Split by a word (case insensitive)

Question

If I want to take

"hi, my name is foo bar"

and split it on "foo", and have that split be case insensitive (split on any of "foO", "FOO", "Foo", etc), what should I do? Keep in mind that although I would like to have the split be case insensitive, I also DO want to maintain the case sensitivity of the rest of the string.

So if I have:

test = "hi, my name is foo bar"

print test.split('foo')

print test.upper().split("FOO")

I would get

['hi, my name is ', ' bar']
['HI, MY NAME IS ', ' BAR']

respectively.

But what I want is:

['hi, my name is ', ' bar']

every time. The goal is to maintain the case sensitivity of the original string, except for what I am splitting on.

So if my test string was:

"hI MY NAME iS FoO bar"

my desired result would be:

['hI MY NAME iS ', ' bar']

Answer 1

A highly unreasonable solution for when you want to split precisely once (bonus: it preserves the case of the separator found too, so you know what you actually split on):

teststr = "hI MY NAME iS FoO bar"
blen, _, alen = map(len, teststr.casefold().partition("foo"))
before, sep, after = teststr[:blen], teststr[blen:-alen], teststr[-alen:]
print([before, sep, after])

which outputs (including the original separator from the string, which you can discard if you like):

['hI MY NAME iS ', 'FoO', ' bar']

Try it online!

Similar code could be written with teststr.casefold().index("foo") plus slices based on the index and the length of the separator; I like partition doing more of the work for me (and working branchlessly whether or not the separator appears in the string), but it's purely personal preference.

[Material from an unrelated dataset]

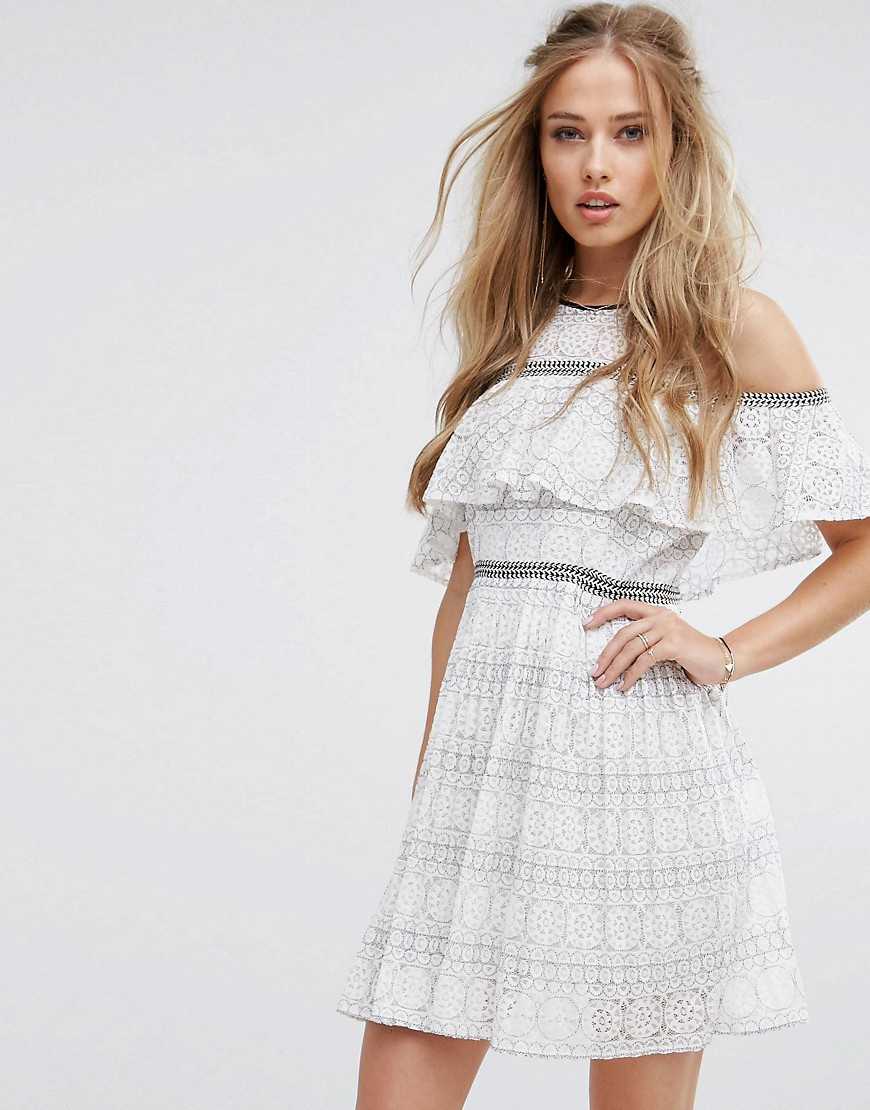 Отдельным сюжетом нашей истории станет кружевное белое платье. Мы решили его особо выделить, потому что кружево (пусть разных видов) особенно популярно среди прекрасных дам на протяжении уже нескольких сезонов. Очень многие предпочитают создавать с таким платьем повседневные луки, при помощи джинсовой куртки, грубых черных или коричневых ботильонов, босоножек на танкетке (или устойчивом каблуке), сумки с бахромой, соломенной шляпы и солнцезащитных очков

This could be adapted to splitting an arbitrary number of times (but losing the separators since str.split discards them, unlike str.partition) with itertools helpers:

from itertools import accumulate, pairwise  # On 3.10+, pairwise is a built-in, pre-3.10, you'd use the pairwise recipe from itertools docs
                                            # accumulate only accepts an initial argument
                                            # on 3.8+, but you can fake it with chain before that

teststr = "hI MY NAME iS FoO bar aNd I LOvE fOoD!"
components = [teststr[s+i*3:e+i*3] 
              for i, (s, e) in enumerate(pairwise(accumulate(map(len, teststr.casefold().split("foo")), initial=0)))]
print(components)

which produces:

['hI MY NAME iS ', ' bar aNd I LOvE ', 'D!']

Try it online!

To be clear, the first solution is unreasonable, and the second solution is insane. I post this largely for illustration; this is a case where the non-regex solutions are nuts, so even if you agree with me that regex should be avoided when possible, this is a case to bite the bullet and use them.

Answer 2

This is not the exact answer but the solution based on the question. After searching awhile on the net I implemented the following.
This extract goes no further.